WORK INSTRUCTIONS
Beneath this instruction is a listing. Transcribe from it only the stretch from the line with "<B>Fr. 2101-J $50" through the line with "Seperti apa contoh", both end lines included, exactly as written.

EXERCISE MATERIALS
******

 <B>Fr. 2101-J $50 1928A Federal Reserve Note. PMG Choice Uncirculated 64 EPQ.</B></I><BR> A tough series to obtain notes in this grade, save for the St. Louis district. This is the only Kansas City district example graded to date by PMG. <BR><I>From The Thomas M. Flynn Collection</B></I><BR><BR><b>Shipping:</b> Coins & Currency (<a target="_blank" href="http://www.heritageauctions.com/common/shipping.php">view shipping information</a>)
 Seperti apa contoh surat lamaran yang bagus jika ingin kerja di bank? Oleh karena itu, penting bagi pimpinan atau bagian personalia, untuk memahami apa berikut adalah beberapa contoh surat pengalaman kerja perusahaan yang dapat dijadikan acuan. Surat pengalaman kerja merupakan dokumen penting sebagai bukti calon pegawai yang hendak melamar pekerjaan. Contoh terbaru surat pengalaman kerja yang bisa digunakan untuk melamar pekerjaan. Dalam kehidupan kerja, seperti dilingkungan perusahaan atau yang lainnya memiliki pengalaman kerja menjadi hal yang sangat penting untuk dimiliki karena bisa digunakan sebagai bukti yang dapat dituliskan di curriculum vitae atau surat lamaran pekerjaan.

******

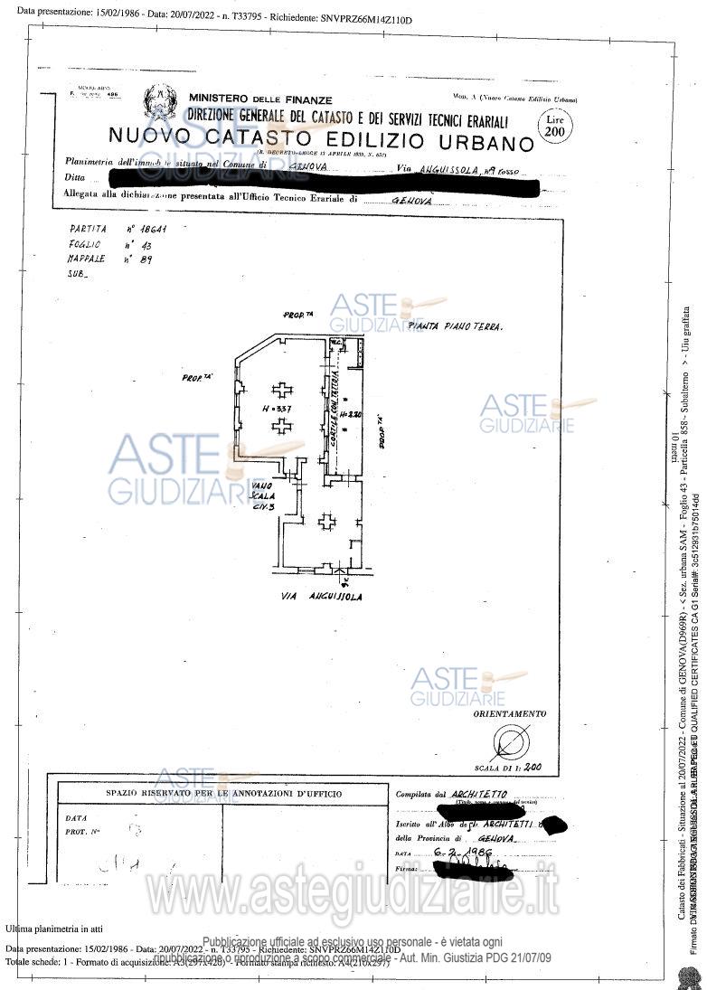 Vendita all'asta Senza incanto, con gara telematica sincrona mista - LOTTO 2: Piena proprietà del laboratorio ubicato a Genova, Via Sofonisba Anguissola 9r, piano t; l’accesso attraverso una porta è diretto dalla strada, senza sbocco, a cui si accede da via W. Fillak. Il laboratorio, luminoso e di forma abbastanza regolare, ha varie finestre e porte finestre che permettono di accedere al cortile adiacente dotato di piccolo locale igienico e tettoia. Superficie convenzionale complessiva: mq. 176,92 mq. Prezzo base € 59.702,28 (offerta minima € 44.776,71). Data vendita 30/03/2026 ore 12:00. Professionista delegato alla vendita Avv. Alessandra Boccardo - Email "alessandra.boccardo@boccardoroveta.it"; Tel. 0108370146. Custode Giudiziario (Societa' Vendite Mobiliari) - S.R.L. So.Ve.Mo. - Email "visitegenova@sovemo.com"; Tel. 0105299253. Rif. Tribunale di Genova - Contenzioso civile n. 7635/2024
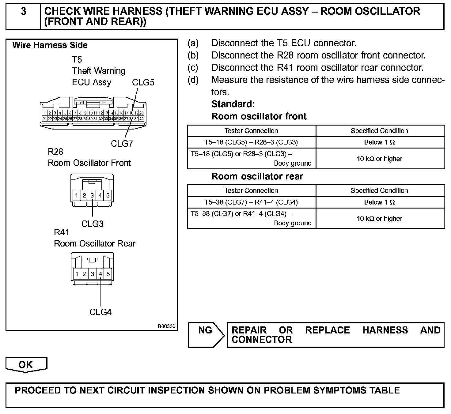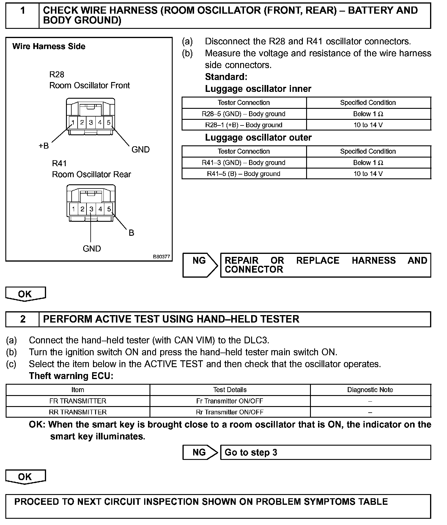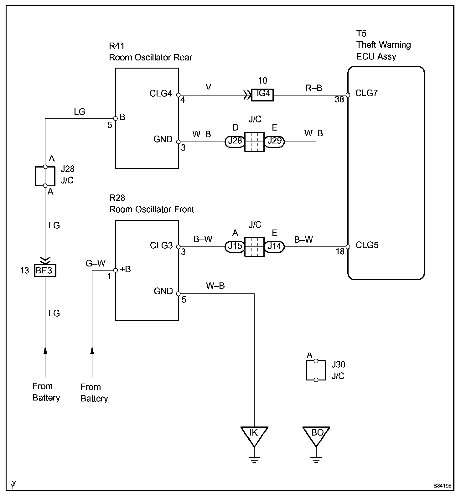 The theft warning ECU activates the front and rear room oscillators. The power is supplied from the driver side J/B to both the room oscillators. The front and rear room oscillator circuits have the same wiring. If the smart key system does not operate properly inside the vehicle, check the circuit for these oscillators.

******

REPLY
 <B>Fr. 2101-J $50 1928A Federal Reserve Note. PMG Choice Uncirculated 64 EPQ.</B></I><BR> A tough series to obtain notes in this grade, save for the St. Louis district. This is the only Kansas City district example graded to date by PMG. <BR><I>From The Thomas M. Flynn Collection</B></I><BR><BR><b>Shipping:</b> Coins & Currency (<a target="_blank" href="http://www.heritageauctions.com/common/shipping.php">view shipping information</a>)
 Seperti apa contoh surat lamaran yang bagus jika ingin kerja di bank? Oleh karena itu, penting bagi pimpinan atau bagian personalia, untuk memahami apa berikut adalah beberapa contoh surat pengalaman kerja perusahaan yang dapat dijadikan acuan. Surat pengalaman kerja merupakan dokumen penting sebagai bukti calon pegawai yang hendak melamar pekerjaan. Contoh terbaru surat pengalaman kerja yang bisa digunakan untuk melamar pekerjaan. Dalam kehidupan kerja, seperti dilingkungan perusahaan atau yang lainnya memiliki pengalaman kerja menjadi hal yang sangat penting untuk dimiliki karena bisa digunakan sebagai bukti yang dapat dituliskan di curriculum vitae atau surat lamaran pekerjaan.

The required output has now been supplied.